Former Canyon Business Owner Loses Business and Home in Fire

By Laurel Busby

News & Information Editor

The day after Tawnya Warren installed a new sign for her Pacific Palisades jewelry, clothing, and collectibles shop, it burned to the ground.

“I had the brass sign out one day, and the very next day, everything was gone,” Warren said.

Warren, who previously owned Blueview Atelier above Caffé Delfini in the Canyon, had moved her business to 15117 W. Sunset Blvd. in Pacific Palisades two years before in large part to attain a ground-floor location that would attract more foot traffic. She also moved into a Palisades apartment near the ocean with her son, Ile John, now 18. Both her apartment and store were lost in the Jan. 7 fire.

Just before the fire, she had completed a re-branding, using her first name as the store name with new bags, ribbons, boxes, as well as the new sign. The business also had just begun to take off after two years of solid work seven days a week to rebuild her customer base.
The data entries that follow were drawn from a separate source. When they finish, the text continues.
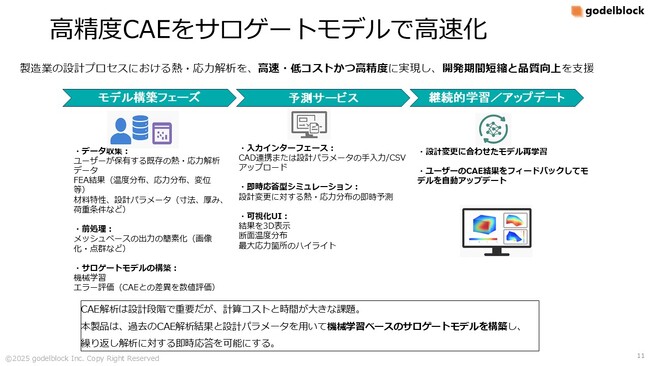 株式会社ゴーデルブロックは"リアルタイムシミュレーションの実現"を掲げて「より早く」「より簡単に」「より高精度な」シミュレーション環境のご提供と課題解決をご支援しています。今回は機械学習を活用した高速シミュレーション(サロゲートモデル)を用いたリアルタイムシミュレーションシステムによる熱・応力解析の実証実験を実施いたします。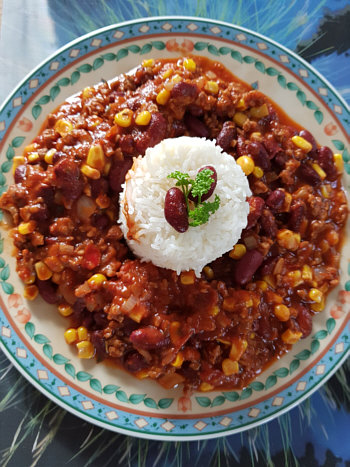 1 kl. Dose Mais, 1 kl. Dose rote Bohnen, 1 Päckchen gehackte Tomaten dazugeben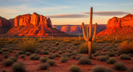 A picturesque landscape of red rock formations bathed in the golden rays of the sun, creating a breathtaking scene of natural beauty in a desert canyon.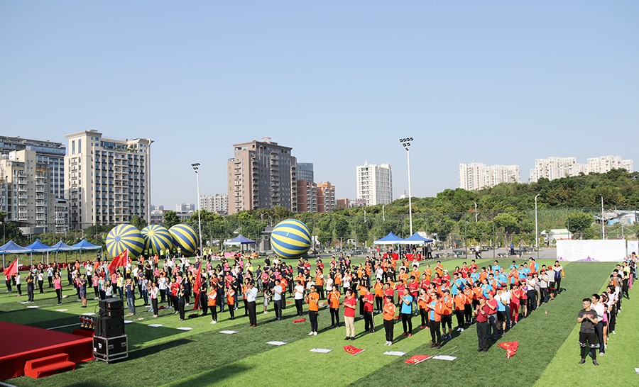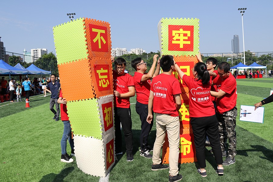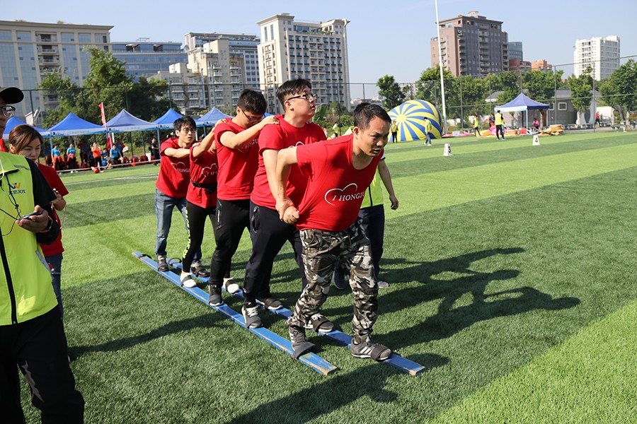 準(zhǔn)備過后比賽就開始了。第一個項目《敢挑重?fù)?dān)》,每個參賽團(tuán)隊派出10名隊員抬起5米直徑的大彩球,在指定場地上繞一圈返回起點,誰先到達(dá)終點誰就贏了,別看氣球不重,但如果隊員之間不協(xié)調(diào)好就很容易撐不住,之前的努力就前功盡棄了。還有同樣有趣的項目等著大家——《重走長征路》,每隊同樣派出10名隊員,其中五人在起點,另外五人在終點,隊員們同穿一副腳板齊步向前,來一場接力賽,這考驗的是團(tuán)隊的合作精神,團(tuán)結(jié)一致聽指揮最終才能獲得勝利。活動上,別開生面的趣味運(yùn)動項目既讓參賽隊員放松了心情,又營造了濃厚的“兩新”黨建氛圍。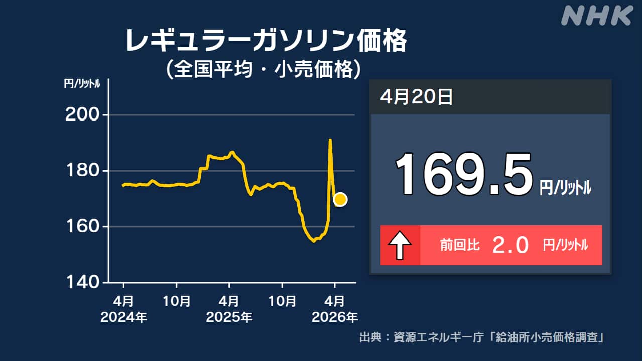 レギュラーガソリンの小売価格は20日時点の全国平均で1リットルあたり169.5円と前の週より2円値上がりしました。政府による激変緩和措置で170円程度の水準が続いています。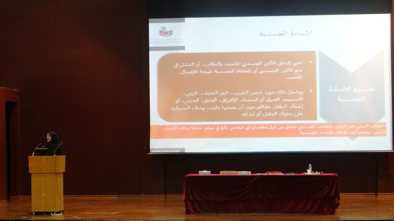 واستعرضت ورش العمل المهام والمسؤوليات التي تقع على عاتق مديري المدارس و كافة موظفي المدارس لضمان حماية الطلبة من جميع الأفعال أو جوانب التقصير التي تُمثِّل أي نوع من أنواع الإساءة أو تمثِّل استغلالاً أو إهمالاً أو تنمّرا مثل إعطاء الأولوية القصوى لحماية الطلبة واتخاذ إجراءات فوريّة عند الشك في حالات إساءة للطلبة أو إهمالهم وضمان اطلاع وفهم كافة موظفي المدرسة على الإجراءات الموحدة للتبليغ عن حالات الإساءة أو الإهمال. كما أوضحت السياسة دور موظفي المدارس وقادتها في نشر ثقافة حماية الطفل وتعزيز قدرة الطلبة على الإبلاغ بأمان عن مخاوفهم بشأن تعرضهم للإساءة و/أو الإهمال دون خوف من التعرض للانتقام أو العقاب.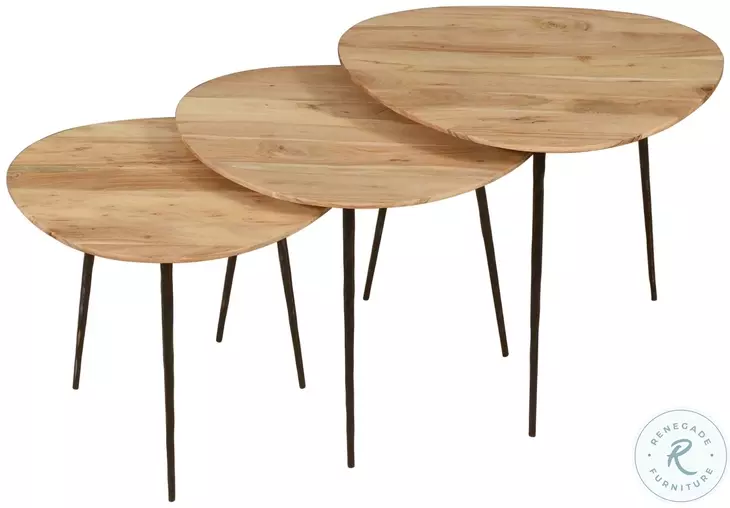 With an abstract rounded corner design, this set of three contemporary end tables neatly fit into each other for easy storage. Liven up your living space with a pop of modern style that matches a wide range of home decor.Features

“December blew my mind; it was incredible,” Warren said. “I had just gotten to the part where I thought, ‘This is going to be amazing. I’m going to do this the rest of my life.’”

The store was a culmination of a career that began when she left her small Pennsylvania hometown to go to college at the Fashion Institute of Technology in Manhattan. She graduated in 1993 with a degree in business and accessory design and began work at the department store Barneys New York, first selling products and then becoming a buyer.

After a decade, she moved to California and joined the Barneys in Beverly Hills, but she also kept working on her own designs. She eventually had created enough jewelry to form her own collection, which she called Zoe, and she opened her first shop, Ateshi, on Montana in Santa Monica. Barneys began to carry her Zoe line in 2004.

“My business with Barneys just went cuckoo,” she said. “I was in every fine jewelry section of every Barneys in the country.”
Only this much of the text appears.